Yes I meant the Superintendent. First I was in front of the superintendent's window and then I went into the principal's office. That's correct.

Well do you have anything else you'd like to add?

Well I just have been very blessed. I guess one of the highlights in my life. The Lord also blessed me with a home that's built for handicapped people that is very convenient. We built a new home in 1994 and it has all the conveniences for me with no steps and everything and a bar that's lowered to be like a desktop for cooking and I just have a wonderful family. All my brothers and sisters were still very close to each other, the ones of us that are still living and there's seven of us or is it eight that are living. Seven or eight? Seven.

Eight.

And my husband's family is a good family too so the Lord just answered every prayer just much better than I could have ever hoped for.

Has Bobby, your husband, been pretty patient with your handicap throughout the years?

He's been extremely patient. He's never acted like it bothered him at all. He's very supportive and always very complimentary. I'm always saying do I look okay and his response is beautiful as always. I’ve sure got him fooled.

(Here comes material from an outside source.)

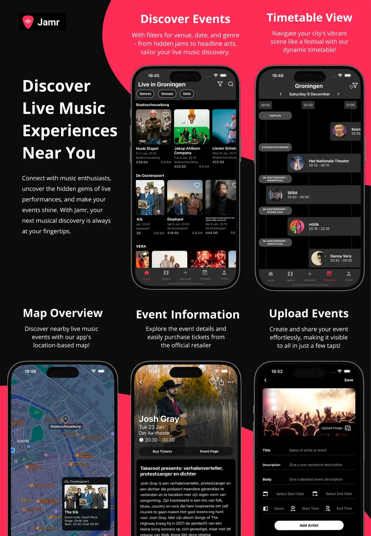 Fijne hulp, alleen zelfs dan kost het hem een goede acht maanden voor de app af is. De proefversie gaat in december online. Dan krijgt het ook zijn naam: Jamr. „De naam is gekozen omdat het idee ontstond omdat ik geen jamsessies kon vinden. De app is nu veel breder en kan voor allerlei muziekevenementen worden gebruikt, maar de naam is blijven hangen. Een goede vriend is later aangehaakt en heeft geholpen met de vormgeving. Hij heeft ook het logo ontworpen.”

Does he give lessons? Well let me just add to that your house looks like Martha Stewart's house. You put me to shame your house is always perfect and never a thing out of place whereas mine is just lived in so maybe you’ve had to try harder.

Well just think that probably makes people more determined or something. I don't know I mean when you have a weakness then you just have to have an extra little amount of determination, I think because I've seen that in other people that had polio or disabilities you just what I think you have something to prove you know when you've had a normal life things just go on but one of the sad things about polio though that I might mention, a lot of us that had been so determined and gone on and live normal lives are now experiencing polio syndrome which is where a polio comes back in affects us again so far I've been very fortunate because I take lots of vitamins and no medications and I'm not very in any pain from it or anything but I have slowed down a lot but haven't we all as we get older.

Yeah.

So ,I don't know if it's just age or the polio syndrome.

Okay, well thank you for coming down today to record your story.

Well I hope I didn't forget something important that's my main fear.

Oh there is so much you could tell, you just have to do what you can do in an hour.